Depressive Symptoms.

The 7-item depression subscale of the Hospital Anxiety and Depression Scale (HADS) was designed to detect depressive symptoms in medically ill patients, including people with cancer (Moorey et al.; Zigmond & Snaith, 1983). Participants rated items on a 4-point scale from 0 (absence) to 3 (extreme presence). All items were summed with possible scores ranging from 0–21, and scores ≥8 indicated clinically meaningful depressive symptoms (Hipkins et al., 2004). A minimally important difference (MID) of 1.4 points indicated a clinically meaningful change in depressive symptoms (Puhan et al., 2008).

Sleep.

The 19-item Pittsburgh Sleep Quality Index (PSQI) assessed types and frequency of sleep disturbance experienced over the last month (Buysse et al., 1989). A global score was obtained by summing seven component scores (range 0–21) that captured subjective sleep quality, sleep latency, habitual sleep efficiency, nighttime disturbance, sleep duration, use of sleep medications, and daytime dysfunction. A global score ≥5 indicated clinically meaningful sleep disturbance (Buysse et al., 1989), and a MID of 3 points indicated clinically meaningful change (Hughes et al., 2009). Sleep efficiency was calculated as the proportion of total time in bed spent asleep, with scores <85% indicating clinically low sleep efficiency (Lichstein et al., 2003). The PSQI is psychometrically sound among cancer patients (Beck et al., 2004).

Physical Activity.

The 7-item International Physical Activity Questionnaire-Short Form (IPAQ-SF) was used to assess the frequency (days/week) and duration (minutes/day) of three intensities of physical activity (i.e., walking, moderate, vigorous) and time spent sitting (i.e., indicator of sedentary time) in the last seven days (Lee et al., 2011). Values at each intensity level were weighted by its energy requirements, which were defined by metabolic equivalents (METs) as follows: walking=3.3 METs/minute, moderate physical activity=4.0 METs/minute, vigorous physical activity=8.0 METs/minute (Forde). Total physical activity was calculated as the sum of METs/week for each type of physical activity. Patients were also categorized as minimally, moderately, or highly physically active according to published guidelines (Forde).

Statistical Analyses

All analyses were performed using SAS Version 9.4. Descriptive statistics were used to characterize participants by demographic and clinical variables at baseline. Multilevel models using Proc Mixed were used to examine changes in symptomatology from pre- to post-chemotherapy across treatment cycles 1, 3, and 6. Multilevel modeling accounts for correlations between repeated assessments and individual trajectories of scores over time (Kwok et al.). In addition, multilevel modeling uses all available data, as opposed to listwise deletion, so that participants were included at each timepoint at which they provided data. Missing data were not imputed. Each model assessed the effects of time (pre-, post-chemotherapy), treatment cycle (1, 3, 6), and the interaction of time and treatment cycle on individual symptoms (i.e., fatigue, depressive symptoms, disturbed sleep, and physical activity). The main effect of time indicated whether pre- vs. post-chemotherapy symptoms changed, regardless of treatment cycle. The main effect of treatment cycle examined change in pre-treatment symptoms at each cycle. Interactions between time and treatment cycle examined how symptoms changed from pre- to post-treatment across cycles (i.e., whether the slope of change from pre- to post-treatment increased or decreased). Statistical significance was indicated by p<0.05, and partial eta squared effect sizes were calculated for significant effects (0.01=small, 0.09=medium, 0.25=large). Models did not include covariates due to model complexity. However, post-hoc t-tests were used to explore the role of disease stage (stage I-II, stage III-IV) and history of previous treatment (pre-treated, treatment-naïve) on symptomatology at each time point.
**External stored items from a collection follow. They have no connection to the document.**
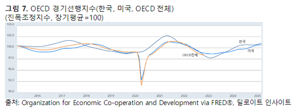 CLI는 경기 순환의 전환점에 대한 조기 신호를 제공하기 위해 고안된 지수로, 경제 활동이 장기적 잠재 수준을 중심으로 변동하는 모습을 보여준다. 보통 지수가 100선 이상이면 경기 확장, 그 이하이면 수축 국면을 시사한다.
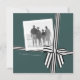 Striped Bow Square Holiday Photo Card Green
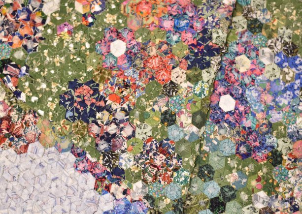 The piece shown is an incomplete quilt, one of the final projects Joyce undertook depicting water running into a lake (the water/lake area using her son’s outgrown shirt) surrounded by greenery. The quilt measures approximately 200cm x 150cm and consists of an estimated 4800 hexagon pieces 25.4mm (1 inch) wide, all paper pieced, hand sewn and constructed.

Clinically meaningful changes in symptomatology were explored in two ways. First, differences in mean scores were calculated from pre-treatment cycle 1 to post-treatment cycle 6 for fatigue, depressive symptoms, and sleep disturbance. Differences in mean scores that exceeded MIDs were considered clinically meaningful. Second, logistic regression models using Proc Glimmix were used to examine changes in the proportion of participants who met clinical thresholds for fatigue, depressive symptoms, and sleep efficiency, and each physical activity category. Each logistic regression model assessed the effects of time (pre-, post-chemotherapy), treatment cycle (1, 3, 6), and their interaction on the proportion of participants in each category. The main effect of time indicated whether the proportion of participants with clinically meaningful symptomatology changed from pre- to post-chemotherapy, regardless of treatment cycle. The main effect of treatment cycle examined change in the proportion of participants with clinically meaningful symptomatology at the pre-treatment timepoint for each cycle. Interactions between time and treatment cycle examined how the proportion of participants with clinically meaningful symptomatology changed from pre- to post-treatment across cycles (i.e., whether the slope of change from pre- to post-treatment increased or decreased). Statistical significance was indicated by p<0.05, and odds ratios were calculated for significant effects (1.68=small, 3.47=medium, 6.71=large effect) (Chen et al., 2010).

Results

Sample Characteristics

Figure 1 shows the flow of study participants. Of 6,935 patients screened, 5,492 were ineligible for reasons including no suspected gynecologic malignancy (n=1,922) or not receiving chemotherapy at the study site (n=1,929). Smaller proportions of patients were ineligible for reasons such as having a documented psychiatric, sleep, or neurological disorder that could interfere with study participation (n=632), having received chemotherapy in the last month (n=257), and being unable to speak and read English (n=245). A total of 1,179 eligible patients were not approached due to staff availability. For example, many eligible patients were added to physicians’ schedules at the last minute, which precluded staff’s ability to enroll them and complete the baseline evaluations before the patient started chemotherapy. Of 264 patients approached, 150 consented to participate (57% recruitment rate). Ten participants did not have usable data and were excluded from analyses. Thus, the sample reported here included 140 participants. Sample characteristics are presented in Table 1. Briefly, participants were patients with gynecologic malignancies an average of 60.8 years old (SD=10.4). Most participants were White (94%) and non-Hispanic/Latina (96%). Approximately one third had graduated from college (35%). Table 2 presents descriptive statistics for symptomatology at each timepoint.

Figure 1.

Figure 1.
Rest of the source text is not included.